▶ **Available data**
::::::
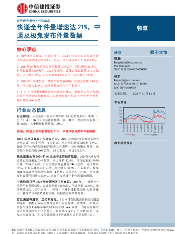 【中信建投证券】【20250112】物流行业动态:快递全年件量增速达21%,中通及极兔发布件量数据-19页
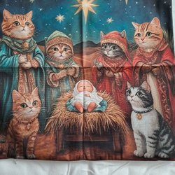 Dekorativt kuddfodral med ett vackert tryck av en katt omgiven av blommor. Perfekt för att ge ditt hem en personlig touch. Enkelsidigt ca 45x45 cm.
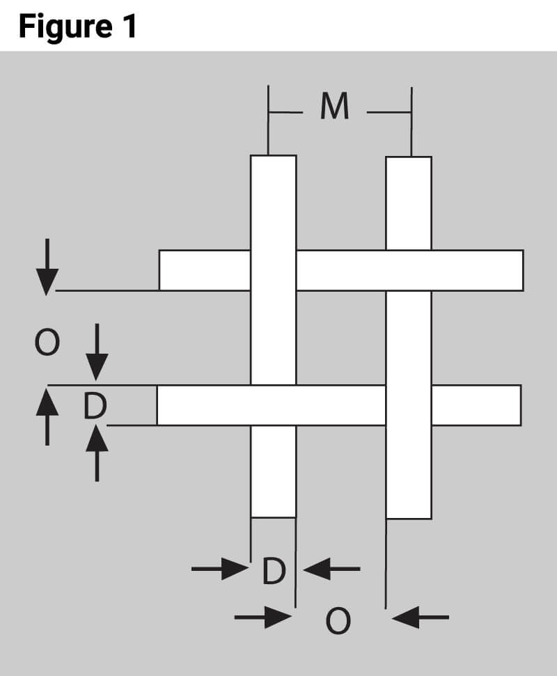 Pitch (Figure 1. M) is the sum of the aperture or opening size (Figure 1. O) and the wire’s diameter or gauge size (Figure 1. D). Details concerning wire gauges and the wire sizes IWM offers can be found in the Technical section concerning Wire Sizes.
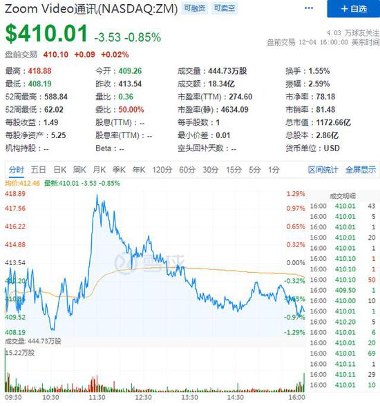 截至美东时间12月4日美股收盘,Zoom股价下跌0.85%,报410.01美元。
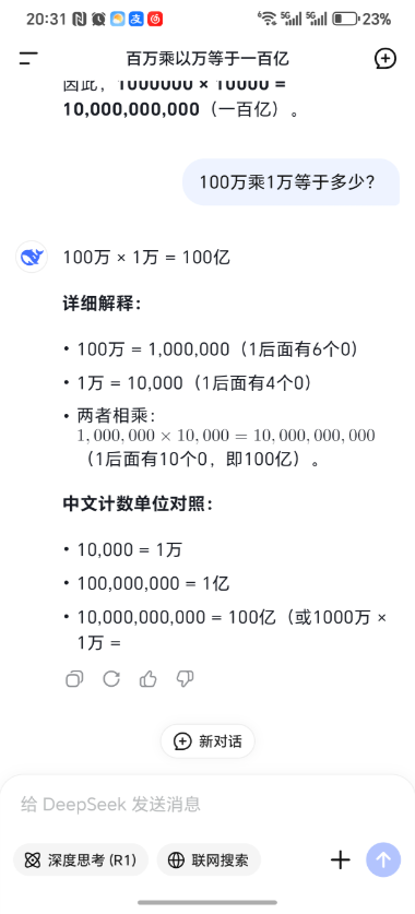 今天看到一个新闻,卖100万的尊界S800,因为交付量不足,还欠用户1万台,董事长和员工都去工厂打螺丝去了。突然就好奇,100万个1万有多少营收?于是用豆包和deep seek分别算了一下,答案居然迥然不同。看来豆包的运算能力还是要加强一下,毕竟江淮无论如何也挣不到10000亿
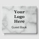 Do you need to record who attends your corporate events? A guest book makes recordkeeping easy and personal. On the front of this faux white marble guest book, there's a large display image. (Shown: Your Logo Here). You can replace the display image with the appropriate logo. At the bottom, there's black display text (Shown: Guest Book). All text may be edited or deleted.
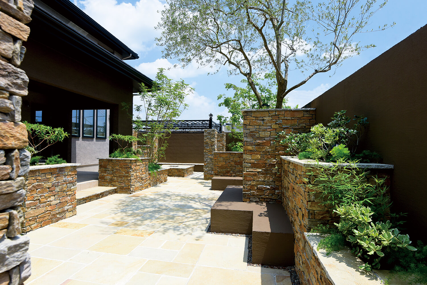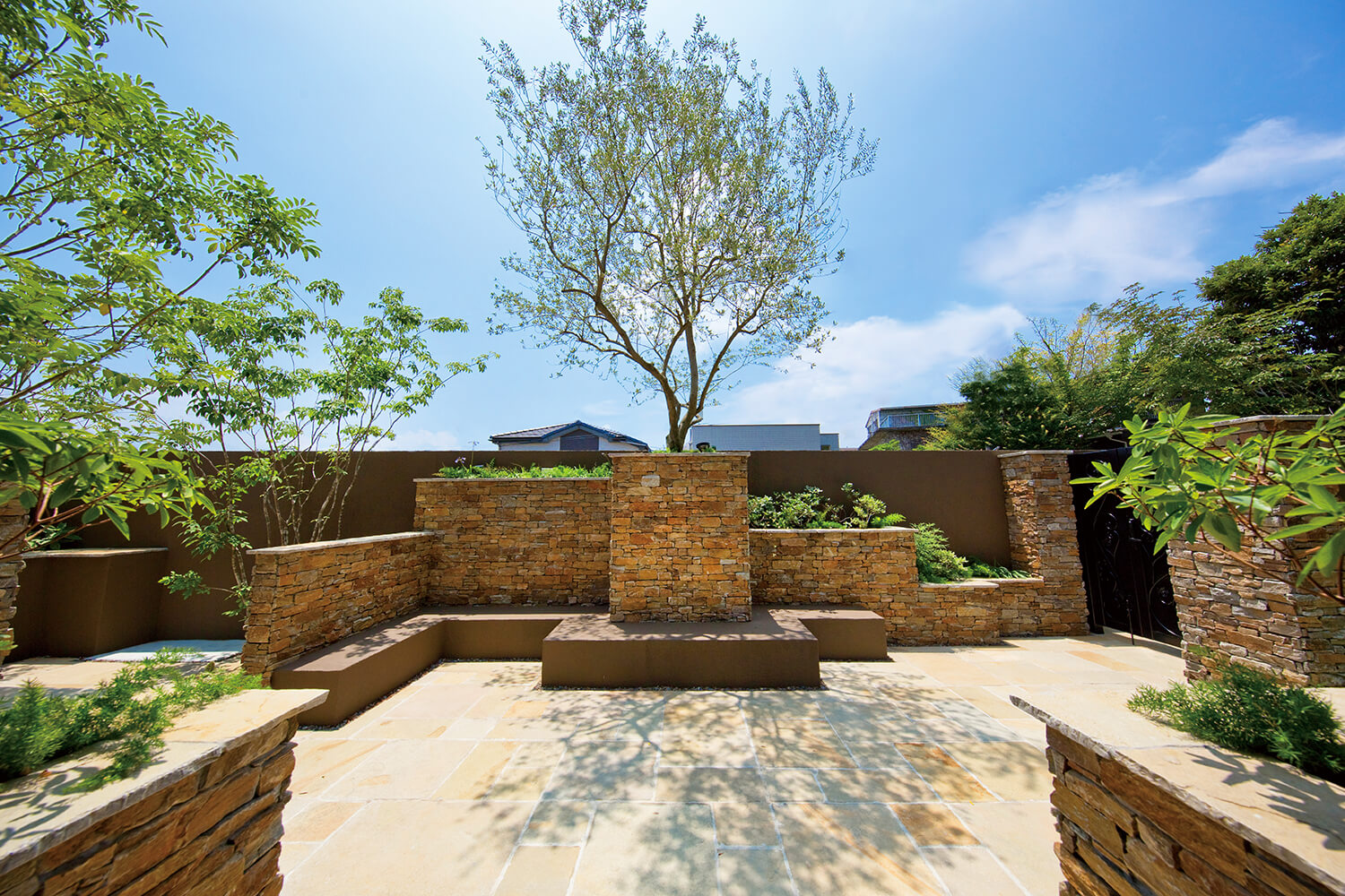 壁の高さを段階的に変化させることで、閉塞感を与えずに適度な囲われ感のある空間に。シンメトリーとアシンメトリーで構成された花壇のバランスも絶妙
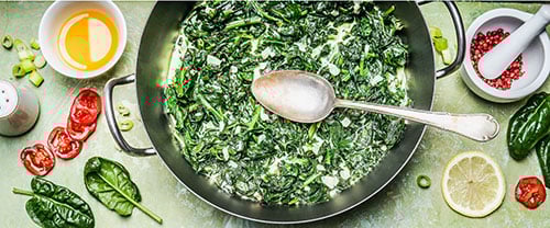 Healthy Creamed Spinach Healthy Creamed Spinach - The spinach in creamed spinach is good for lowering blood pressure because it has potassium, folate, and magnesium.
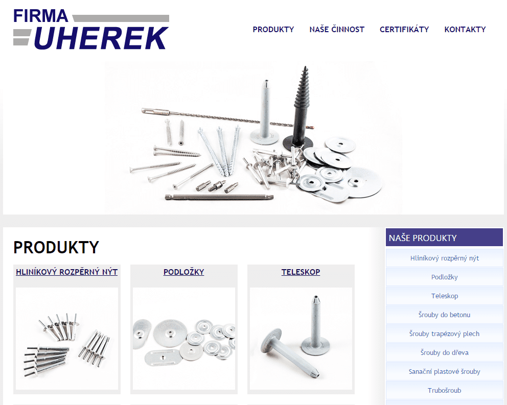 Firma UHEREK již od roku 1993 působí jako výrobce kotvicí techniky pro střešní a tepelné izolace. Tuto hlavní, nosnou část výroby, doplňuje obecným obráběním.
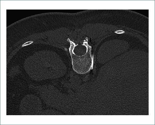 Dado el mal control analgésico y los elevados requerimientos de opioides, se opta por el abordaje de nervios esplácnicos (Fig. 3) derechos guiados por tomografía axial computerizada (TAC) (Fig. 4) mediante acceso retrocrural en decúbito prono. Se lleva a cabo bajo sedación endovenosa colaborativa y anestesia local en el punto de punción. Estimulación sensitiva positiva a 0,7 V (sensación dolorosa en epigastrio) y estimulación motora negativa hasta 2,5 V radiofrecuencia pulsada (RFP) 4 min, 42º, 45 V, 20 pps. Al finalizar la RFP se administra ropivacaína 0,5% más acetato de triamcinolona 20 mg.
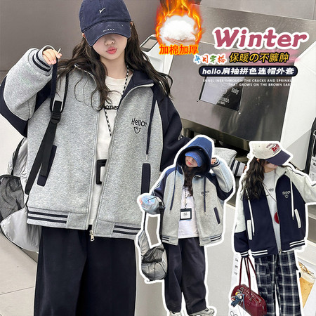 1*6收藏“2528笑脸擦肩拼色新款加棉加厚连帽外套”
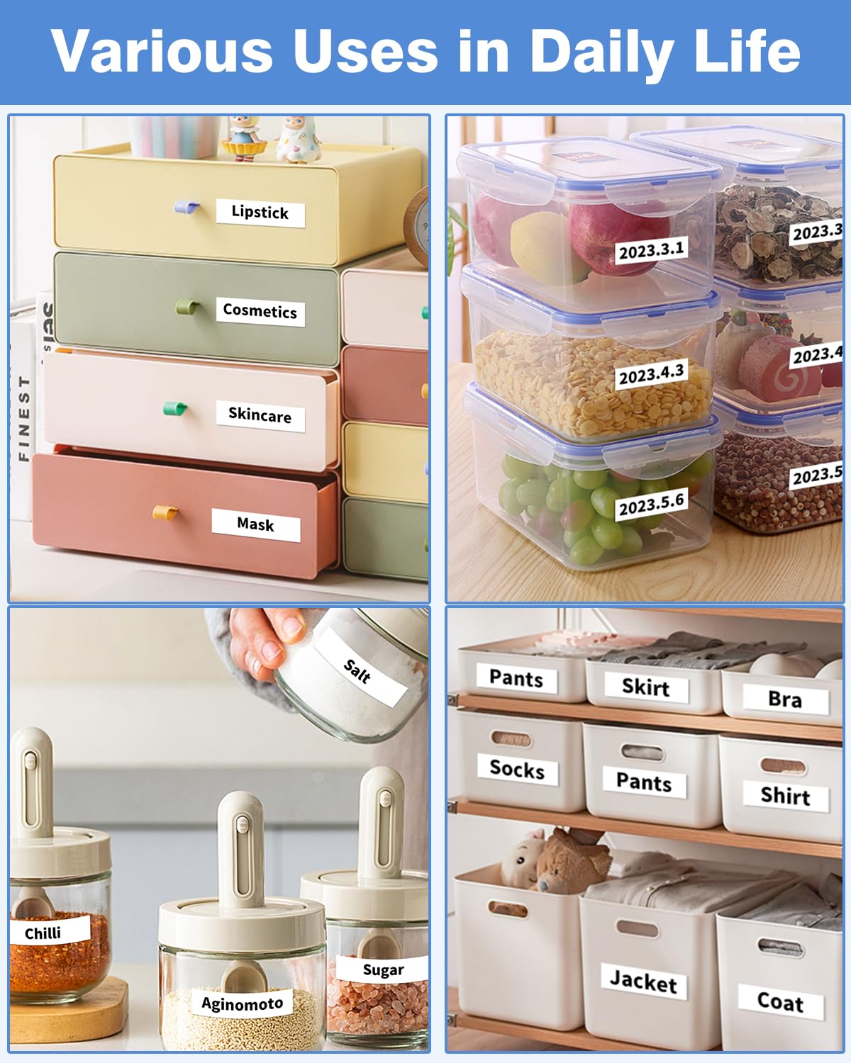 - Ampiamente usato: Con la stampa a trasferimento termico, è facile stampare etichette in nastro chiare e attraenti per organizzare la tua vita. Ad esempio: casa, ufficio, scuola, negozio, fabbrica, ecc.
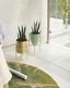Nechte své květiny ještě více vyniknout a vystavte je v tomto stylovém stojanu na rostliny. Zlatý železný podstavec dokonale ladí s mátově zeleným květináčem a do interiéru vnáší nádech stylu glamour. Umístěte jej na parapet, komodu nebo balkon, vložte do něj oblíbenou květinu a těšte se z krásné dekorace.
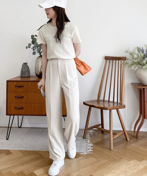スラックスパンツできれいめ大人フェミニンなコーデもおすすめ◎
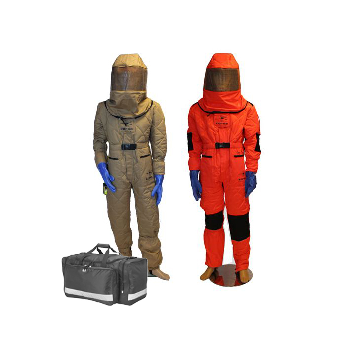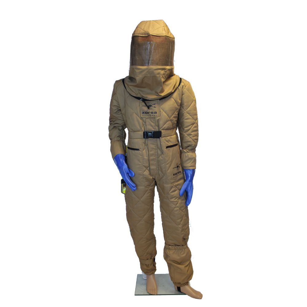 Buzos de seguridad certificados específicos para la retirada de nidos de avispa asiática (Vespa velutina). Esta avispa invasora se muestra más agresiva y con un aguijón que puede penetrar los trajes tradicionales de colmenero, haciendo imprescindible el uso de una vestimenta adecuada de mayor seguridad por parte de los operarios. Disponibles en dos colores y tejidos distintos. El modelo de color rojo está certificado en alta visibilidad y no lo ven las avispas, además incluye características adicionales.
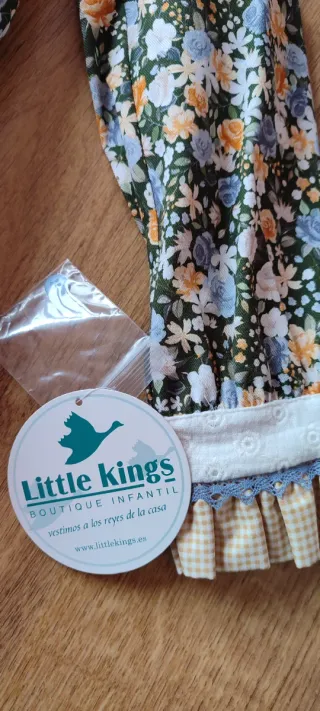 Vestido infantil con estampado floral y babero. - Tejido principal con estampado de flores en tonos verdes, naranjas y azules. - Babero blanco con detalles de encaje y puntilla. - Volantes en el cuello y mangas con estampado de cuadros. - Ribete azul en el borde del babero.
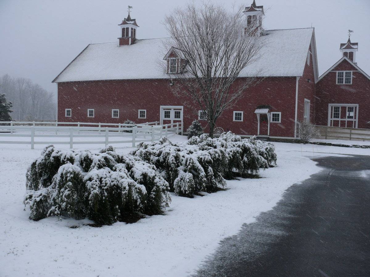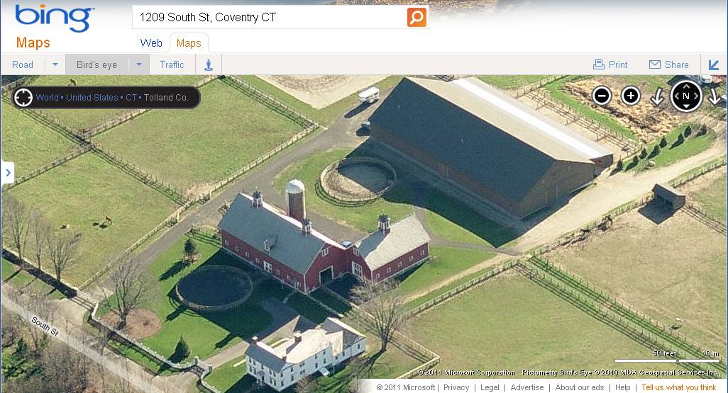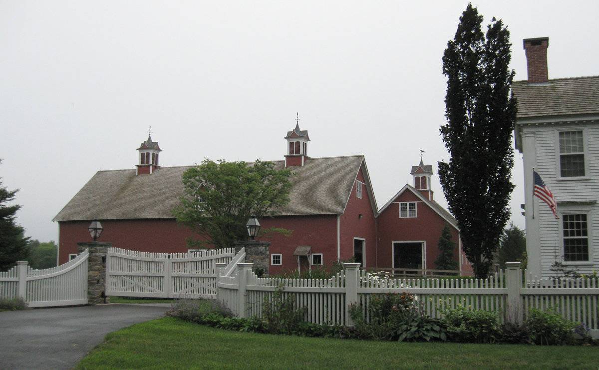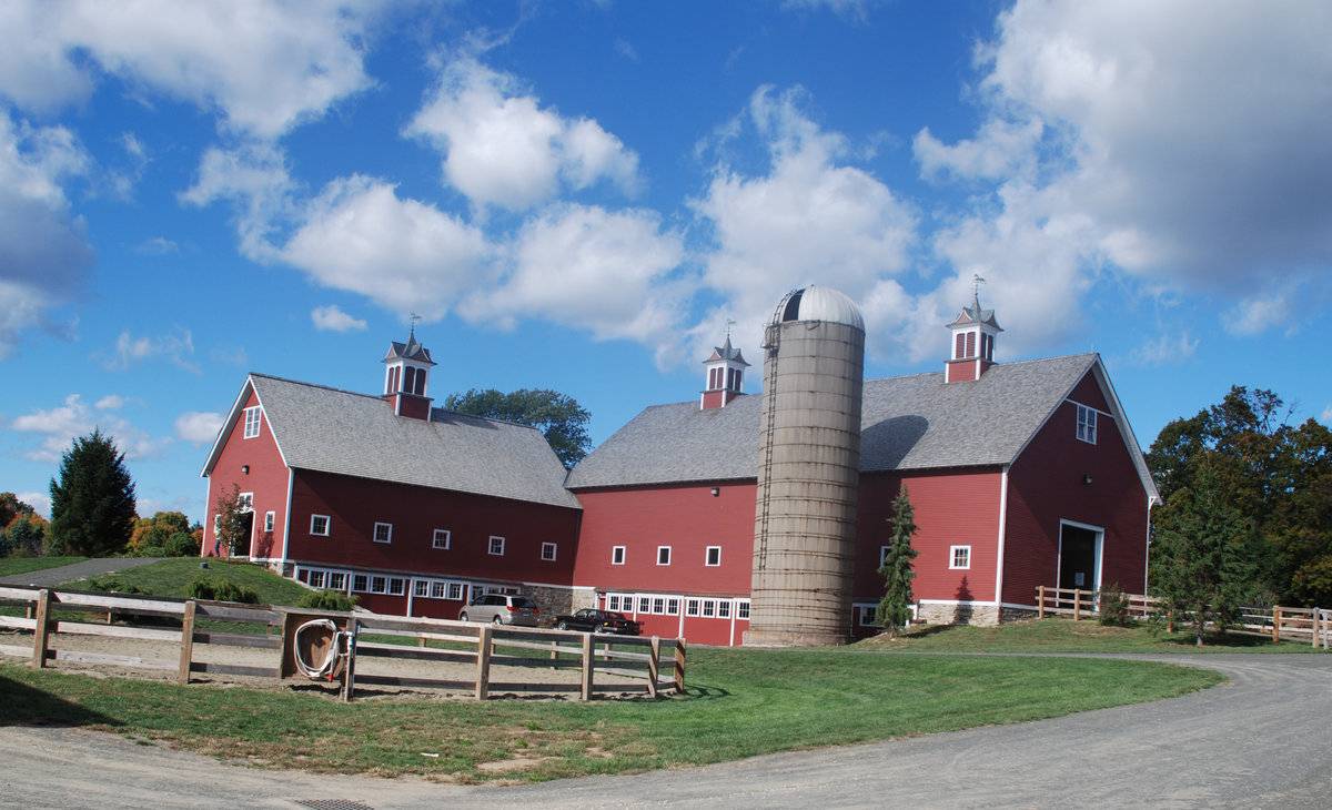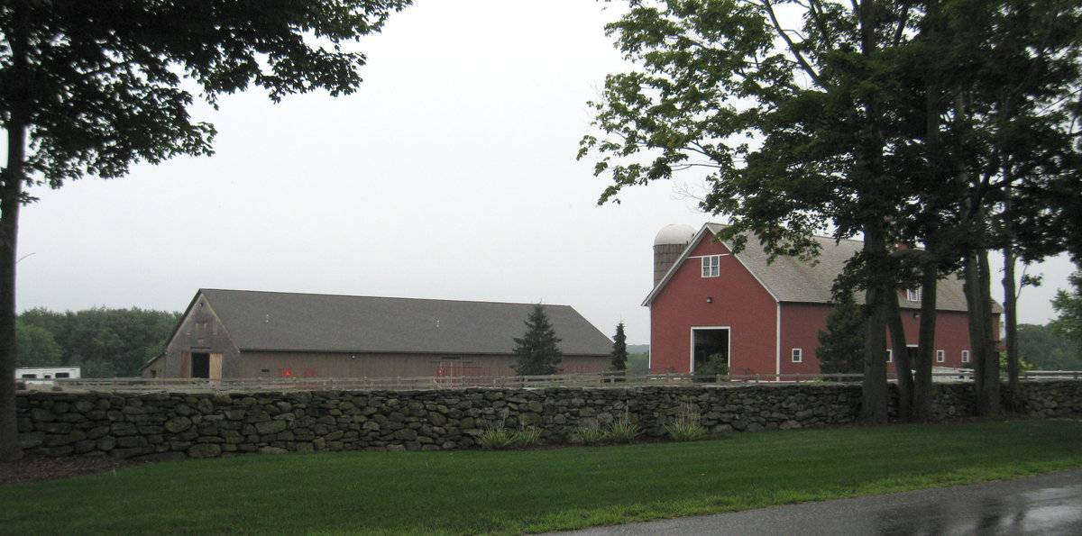 Listed on the State Register of Historic Places 5/01/2013 Owners' notes: We recently restored the barns that were built in 1899 by Henry Dimock, who left funds to the Town of Coventry to build an addition to their Library. We also restored the house that was built between 1809 and 1815. It was built for the Rev. Chauncey Booth and his wife, Laura Farnum. We had a genealogy done on the property and all can be verified. Both structures are magnificent but esp. the barns. Attached are pictures of both house and barns before and after the restoration work. The barns were built in 1899 by Henry Farnum Dimock, to house twelve imported prize cows. Mr. Dimock, owned over time, several large farms in Coventry. As an adult he lived and practiced law in New York City and summered in Coventry. The farm changed ownership over the many years. It eventually was purchased in 1946 to be used as a dairy farm. It remained a dairy farm until sold in 2001, at which time major renovations were made. It is currently being used as a horse breeding facility ( www.crossenarabians.com ). The property also includes 92 acres of land. Approximately, half of the acreage is fields used for both pasture and to produce hay. This large, 2 1/2-story gable-entry bank barn has recently been restored and painted red. It has a fieldstone foundation and is covered in vertical clapboards. Two new windows sit under the apex of the east gable where the hay loft doors would have been. Under grade are two rows of horse stalls on the outside wall separated by a hall. There are sliding doors on the south side of the under grade wall allowing horse to enter and exit. The sliding doors as well as all of the window trim and other doors on this barn are highlighted with white paint. There are a row of windows on each of the eave sides of the barn above grade for light and ventilation. The barn roof is covered in asphalt shingles, has two rebuilt cupolas along the apex of the roof and on the north side of the roof is a dormer. A second smaller barn is attached at the southwest corner and is nearly identical in every way except size and number of cupolas; the smaller barn has just one. There is a poured concrete silo on the south eave side of the larger barn. The large barn (I) is 104' long by 46' wide and 46' high, and has the capacity of holding 10,000 bales of hay in the hayloft. The center aisle of the large barn is fifteen feet wide. The roof rafters are 46' long in the hayloft. The smaller conjoined barn (II) is 60' long X 30' wide x 42' high with a twelve foot wide center aisle. Property includes 92 acres, now used for horse farm. Cupola restoration - quote from owner: "We had a picture given to us by a prior owner that my husband had spoken to about the farm. He was 96 years old at the time. He had done a study on the farm when he was a young man attending UCONN. The picture shows the original cupolas, which we had reproduced exactly, with the exception of the size. On the large barn, there was only one huge one instead of the two we had made. It wasn't feasible to make the one large one, plus I don't know how we would have gotten it up there. The one on the smaller barn is the same size."
::::::
▶ **Task objective**
Print the listing again exactly, please. Keep the pictures out of it.

▶ **Task output**
 【中信建投证券】【20250112】物流行业动态:快递全年件量增速达21%,中通及极兔发布件量数据-19页
 Dekorativt kuddfodral med ett vackert tryck av en katt omgiven av blommor. Perfekt för att ge ditt hem en personlig touch. Enkelsidigt ca 45x45 cm.
 Pitch (Figure 1. M) is the sum of the aperture or opening size (Figure 1. O) and the wire’s diameter or gauge size (Figure 1. D). Details concerning wire gauges and the wire sizes IWM offers can be found in the Technical section concerning Wire Sizes.
 截至美东时间12月4日美股收盘,Zoom股价下跌0.85%,报410.01美元。
 今天看到一个新闻,卖100万的尊界S800,因为交付量不足,还欠用户1万台,董事长和员工都去工厂打螺丝去了。突然就好奇,100万个1万有多少营收?于是用豆包和deep seek分别算了一下,答案居然迥然不同。看来豆包的运算能力还是要加强一下,毕竟江淮无论如何也挣不到10000亿
 Do you need to record who attends your corporate events? A guest book makes recordkeeping easy and personal. On the front of this faux white marble guest book, there's a large display image. (Shown: Your Logo Here). You can replace the display image with the appropriate logo. At the bottom, there's black display text (Shown: Guest Book). All text may be edited or deleted.
 壁の高さを段階的に変化させることで、閉塞感を与えずに適度な囲われ感のある空間に。シンメトリーとアシンメトリーで構成された花壇のバランスも絶妙
 Healthy Creamed Spinach Healthy Creamed Spinach - The spinach in creamed spinach is good for lowering blood pressure because it has potassium, folate, and magnesium.
 Firma UHEREK již od roku 1993 působí jako výrobce kotvicí techniky pro střešní a tepelné izolace. Tuto hlavní, nosnou část výroby, doplňuje obecným obráběním.
 Dado el mal control analgésico y los elevados requerimientos de opioides, se opta por el abordaje de nervios esplácnicos (Fig. 3) derechos guiados por tomografía axial computerizada (TAC) (Fig. 4) mediante acceso retrocrural en decúbito prono. Se lleva a cabo bajo sedación endovenosa colaborativa y anestesia local en el punto de punción. Estimulación sensitiva positiva a 0,7 V (sensación dolorosa en epigastrio) y estimulación motora negativa hasta 2,5 V radiofrecuencia pulsada (RFP) 4 min, 42º, 45 V, 20 pps. Al finalizar la RFP se administra ropivacaína 0,5% más acetato de triamcinolona 20 mg.
 1*6收藏“2528笑脸擦肩拼色新款加棉加厚连帽外套”
 - Ampiamente usato: Con la stampa a trasferimento termico, è facile stampare etichette in nastro chiare e attraenti per organizzare la tua vita. Ad esempio: casa, ufficio, scuola, negozio, fabbrica, ecc.
Nechte své květiny ještě více vyniknout a vystavte je v tomto stylovém stojanu na rostliny. Zlatý železný podstavec dokonale ladí s mátově zeleným květináčem a do interiéru vnáší nádech stylu glamour. Umístěte jej na parapet, komodu nebo balkon, vložte do něj oblíbenou květinu a těšte se z krásné dekorace.
スラックスパンツできれいめ大人フェミニンなコーデもおすすめ◎
 Buzos de seguridad certificados específicos para la retirada de nidos de avispa asiática (Vespa velutina). Esta avispa invasora se muestra más agresiva y con un aguijón que puede penetrar los trajes tradicionales de colmenero, haciendo imprescindible el uso de una vestimenta adecuada de mayor seguridad por parte de los operarios. Disponibles en dos colores y tejidos distintos. El modelo de color rojo está certificado en alta visibilidad y no lo ven las avispas, además incluye características adicionales.
 Vestido infantil con estampado floral y babero. - Tejido principal con estampado de flores en tonos verdes, naranjas y azules. - Babero blanco con detalles de encaje y puntilla. - Volantes en el cuello y mangas con estampado de cuadros. - Ribete azul en el borde del babero.
 Listed on the State Register of Historic Places 5/01/2013 Owners' notes: We recently restored the barns that were built in 1899 by Henry Dimock, who left funds to the Town of Coventry to build an addition to their Library. We also restored the house that was built between 1809 and 1815. It was built for the Rev. Chauncey Booth and his wife, Laura Farnum. We had a genealogy done on the property and all can be verified. Both structures are magnificent but esp. the barns. Attached are pictures of both house and barns before and after the restoration work. The barns were built in 1899 by Henry Farnum Dimock, to house twelve imported prize cows. Mr. Dimock, owned over time, several large farms in Coventry. As an adult he lived and practiced law in New York City and summered in Coventry. The farm changed ownership over the many years. It eventually was purchased in 1946 to be used as a dairy farm. It remained a dairy farm until sold in 2001, at which time major renovations were made. It is currently being used as a horse breeding facility ( www.crossenarabians.com ). The property also includes 92 acres of land. Approximately, half of the acreage is fields used for both pasture and to produce hay. This large, 2 1/2-story gable-entry bank barn has recently been restored and painted red. It has a fieldstone foundation and is covered in vertical clapboards. Two new windows sit under the apex of the east gable where the hay loft doors would have been. Under grade are two rows of horse stalls on the outside wall separated by a hall. There are sliding doors on the south side of the under grade wall allowing horse to enter and exit. The sliding doors as well as all of the window trim and other doors on this barn are highlighted with white paint. There are a row of windows on each of the eave sides of the barn above grade for light and ventilation. The barn roof is covered in asphalt shingles, has two rebuilt cupolas along the apex of the roof and on the north side of the roof is a dormer. A second smaller barn is attached at the southwest corner and is nearly identical in every way except size and number of cupolas; the smaller barn has just one. There is a poured concrete silo on the south eave side of the larger barn. The large barn (I) is 104' long by 46' wide and 46' high, and has the capacity of holding 10,000 bales of hay in the hayloft. The center aisle of the large barn is fifteen feet wide. The roof rafters are 46' long in the hayloft. The smaller conjoined barn (II) is 60' long X 30' wide x 42' high with a twelve foot wide center aisle. Property includes 92 acres, now used for horse farm. Cupola restoration - quote from owner: "We had a picture given to us by a prior owner that my husband had spoken to about the farm. He was 96 years old at the time. He had done a study on the farm when he was a young man attending UCONN. The picture shows the original cupolas, which we had reproduced exactly, with the exception of the size. On the large barn, there was only one huge one instead of the two we had made. It wasn't feasible to make the one large one, plus I don't know how we would have gotten it up there. The one on the smaller barn is the same size."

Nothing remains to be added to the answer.